The density of radicals scales with the electron density and higher gas and electron temperatures (thermal dissociation and electron impact).

- ion impact dissociation:
$A^+ + XH(g) \rightarrow A^+ + H + X(s,l,g)$

- dissociative electron attachment:
$e + XH^* \rightarrow X^-(s,l,g) + H(g)$

This process generates negative ions as well as neutral particles. The collision electron is captured by collision excitation. The energy difference between the ground state and the excited state dissociates the molecule. The electron-induced dissociation of water depends on the electron temperature, which influences the ratio of the OH density (n_OH) to the electron density (n_e) significantly. The maximum OH density is reached in the early afterglow when the electron temperature (T_e) is low.

- Photoionisation:
 High-energy photons dissociate molecules
- Solvated electrons:
 Reducing agent in liquid

== Dissociation efficiency of different hydrogen sources ==
=== Water Electrolysis ===
Since the focus is always on the most energy-efficient dissociation of chemical compounds, the benchmark is the energy input of the electrolysis of distilled water (45 kWh/kgH_{2}) as in the following reaction equation:
- $\mathrm{ 2\ H_2O(f) \rightleftharpoons O_2(g) + 2\ H_2(g)} \qquad \Delta H_{R\ 298}^{1bar(a)} = -286\ \mathrm{kJ/mol}$

=== Methane-plasmalysis ===
A particularly efficient way of generating hydrogen (10 kWh/kgH_{2}) is the methane plasmalysis. In this process, methane (e.g. from natural gas) is decomposed in the plasma under oxygen exclusion, forming hydrogen and elemental carbon, as in the following reaction equation:
- $\mathrm{ 2\ CH_4(g) \rightleftharpoons C_2(f) + 4\ H_2(g)} \qquad \Delta H_{R\ 298}^{1bar(a)} = +75\ \mathrm{kJ/mol}$

Methane plasmalysis offers, among other things, the possibility of decentralized decarbonization of natural gas or, if biogas is used, also the realization of a CO_{2} sink, whereby, in contrast to the CCS process commonly used to date, no gas has to be compressed and stored, but the elemental carbon produced can be bound in product form.

This technology can also be used to prevent the flaring of so-called "flare gases" by using them as a feedstock for the production of hydrogen and carbon.

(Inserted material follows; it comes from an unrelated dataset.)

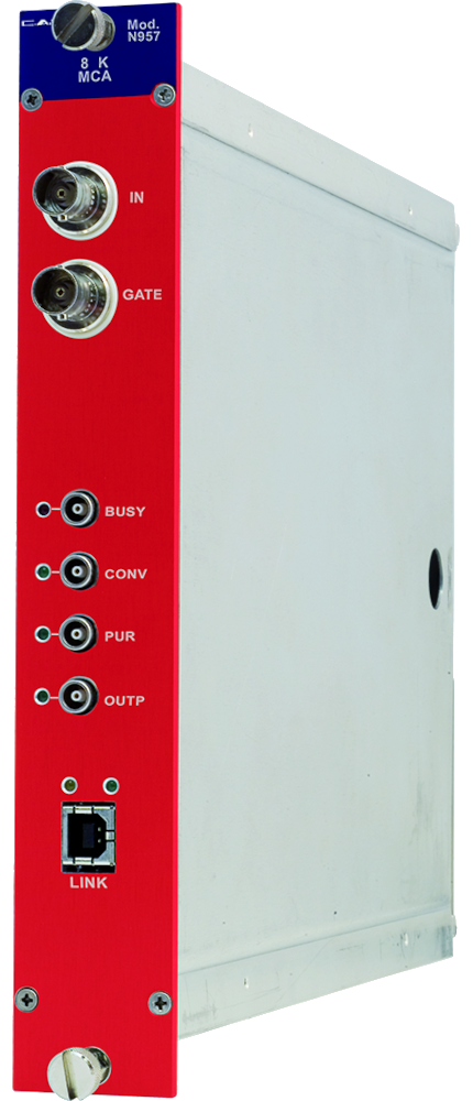 The Mod. N957 is a 8k Multi-Channel (MCA) with USB port, housed in a 1-unit wide standard NIM module. The multichannel analyzer performs the essential function of collecting the data and producing output, in the form of converted value of input peaks. The input pulses can be those produced by a standard spectroscopy amplifier. They can be Gaussian, semi-Gaussian or square waves, unipolar (positive) or bipolar, in a range from 0 to 10 V, with a rise time greater than 0.1 µs. The trigger can be made “on signal” (Auto Gate mode) or “external” (External Gate mode). In the first case a discriminator, with a settable threshold, enables the conversion. In the second case, an external gate is fed to the module, via front panel GATE In connector. The input channel has one peak amplitude stretcher, the output of which is digitised by a 13 bit fast (0.8 ms) ADC featuring a sliding scale technique, to improve the differential non-linearity. Converted waveforms are stored into a 64 KSamples buffer memory. The unit hosts an USB2.0 port (also compatible with USB 1.1), which permits a simple control and data-acquisition via PC.

=== Wastewater-plasmalysis ===
The plasmalysis of wastewater and liquid manure enables hydrogen to be recovered from pollutants contained in the wastewater (ammonium (NH4) or hydrocarbon compounds (COD)). The plasma-catalytic decomposition of ammonia takes place as shown in the following reaction equation:
- $\mathrm{ 2\ NH_3(f) \rightleftharpoons N_2(g) + 3\ H_2(g)} \qquad \Delta H_{R\ 298}^{1bar(a)} = -92\ \mathrm{kJ/mol}$

The treated wastewater is purified in the process. The energy requirement for the production of green hydrogen is approx. 12 kWh/kgH_{2}.

This technology can also be used as ammonia cracking (chemistry) technology for splitting the hydrogen carrier ammonia.

=== Dissociation of hydrogen sulfide ===
Hydrogen sulfide - a component of crude oil and natural gas and a by-product in anaerobic digestion of biomass - is also suitable for plasma-catalytic decomposition to produce hydrogen and elemental sulfur due to its weak binding energy.
- $\mathrm{ H_2S(g) \rightleftharpoons H_2(g) + S(s)} \qquad \Delta H_{R\ 298}^{1bar(a)} = -20,5\ \mathrm{kJ/mol}$

The energy requirement for the production of hydrogen from H_{2}S is approx. 5 kWh/kgH_{2}.

== Reactor geometry ==
It is apparent that both the reactor geometry and the method by which the plasma is generated strongly influence the performance of the system.